I know you slipped something in my drink.

don't really appreciate how you just left

me all alone with a stranger after giving me 

something like that. I don't think we should be

friends anymore as much as I would like

to be. Please don't talk to me anymore.


               It took me forever to hit send, knowing that possibly after this, everything I felt for him wouldn't matter. I felt like I wanted to cry. It upset me so much, as I figure it would anyone. It wasn't even 10 minuets later before there was a knock on my door and I jumped. Noooo, please go away! I thought to myself. I knew it was him. 

               "Mathew... Please answer the door." His voice was calm, but I had to keep focused and stand my ground. I crawled to the door on my hands and knees as if he would see me if I chose to do this any other way.
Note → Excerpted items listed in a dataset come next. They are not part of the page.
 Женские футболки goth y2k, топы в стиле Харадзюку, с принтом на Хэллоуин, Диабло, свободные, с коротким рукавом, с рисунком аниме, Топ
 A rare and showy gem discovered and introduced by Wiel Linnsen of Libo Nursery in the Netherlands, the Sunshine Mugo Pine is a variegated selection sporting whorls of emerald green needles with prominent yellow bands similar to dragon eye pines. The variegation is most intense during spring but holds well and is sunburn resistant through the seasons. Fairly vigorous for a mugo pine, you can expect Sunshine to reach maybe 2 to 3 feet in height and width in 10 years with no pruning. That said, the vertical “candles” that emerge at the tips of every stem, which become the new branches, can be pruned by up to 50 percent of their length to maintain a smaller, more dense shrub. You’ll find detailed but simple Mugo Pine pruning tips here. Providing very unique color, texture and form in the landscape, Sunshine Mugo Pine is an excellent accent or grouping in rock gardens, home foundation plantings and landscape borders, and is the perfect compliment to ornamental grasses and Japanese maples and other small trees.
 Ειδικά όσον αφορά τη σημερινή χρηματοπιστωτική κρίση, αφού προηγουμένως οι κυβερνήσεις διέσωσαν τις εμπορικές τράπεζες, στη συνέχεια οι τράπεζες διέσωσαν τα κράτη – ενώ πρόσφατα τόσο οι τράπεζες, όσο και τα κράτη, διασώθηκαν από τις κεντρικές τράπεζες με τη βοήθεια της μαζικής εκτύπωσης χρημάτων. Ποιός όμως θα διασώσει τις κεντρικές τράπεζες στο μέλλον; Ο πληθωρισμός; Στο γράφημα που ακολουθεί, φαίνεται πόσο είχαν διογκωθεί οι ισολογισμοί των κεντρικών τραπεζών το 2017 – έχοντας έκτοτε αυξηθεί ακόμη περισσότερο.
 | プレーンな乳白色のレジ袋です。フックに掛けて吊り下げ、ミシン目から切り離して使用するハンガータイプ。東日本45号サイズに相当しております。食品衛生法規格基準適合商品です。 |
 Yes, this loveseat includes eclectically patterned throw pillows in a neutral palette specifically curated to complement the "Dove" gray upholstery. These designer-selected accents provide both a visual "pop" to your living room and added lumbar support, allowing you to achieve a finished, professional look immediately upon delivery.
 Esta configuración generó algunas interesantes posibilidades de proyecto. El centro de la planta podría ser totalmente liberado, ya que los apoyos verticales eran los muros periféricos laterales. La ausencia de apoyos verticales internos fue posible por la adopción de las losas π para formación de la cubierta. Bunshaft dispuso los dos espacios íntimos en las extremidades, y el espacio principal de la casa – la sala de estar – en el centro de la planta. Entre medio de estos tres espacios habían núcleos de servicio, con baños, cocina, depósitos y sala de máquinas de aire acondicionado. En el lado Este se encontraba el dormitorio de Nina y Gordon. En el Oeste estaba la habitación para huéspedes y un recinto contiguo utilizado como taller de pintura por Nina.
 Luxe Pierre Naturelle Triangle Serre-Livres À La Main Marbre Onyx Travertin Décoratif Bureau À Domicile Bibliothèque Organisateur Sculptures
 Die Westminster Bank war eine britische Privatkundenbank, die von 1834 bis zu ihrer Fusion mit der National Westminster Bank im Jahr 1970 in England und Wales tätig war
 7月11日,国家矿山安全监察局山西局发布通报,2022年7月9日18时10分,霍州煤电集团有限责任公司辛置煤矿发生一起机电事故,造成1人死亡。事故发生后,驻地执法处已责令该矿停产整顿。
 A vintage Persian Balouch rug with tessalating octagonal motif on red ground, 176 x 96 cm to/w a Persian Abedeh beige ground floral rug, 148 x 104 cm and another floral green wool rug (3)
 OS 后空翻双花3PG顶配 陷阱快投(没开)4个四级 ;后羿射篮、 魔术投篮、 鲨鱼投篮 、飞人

I stood behind the door and listened to the silence on the other side, awaiting his amazing resonating voice. "Please, I know you just got home. Let me explain." My heart yearned to hear him out as I leaned against the door quietly, closing my eyes imagining what he looked like after tonight, and what he would say. He rung the doorbell a few times again. He soon surrendered and as much as I hated to ignore him, I watched him walk back to his apartment through my peephole. I sighed and walked to my room turning the kitchen light off and laying down.

               I couldn't sleep for a while but sleep eventually found me and gave me peace for a few hours.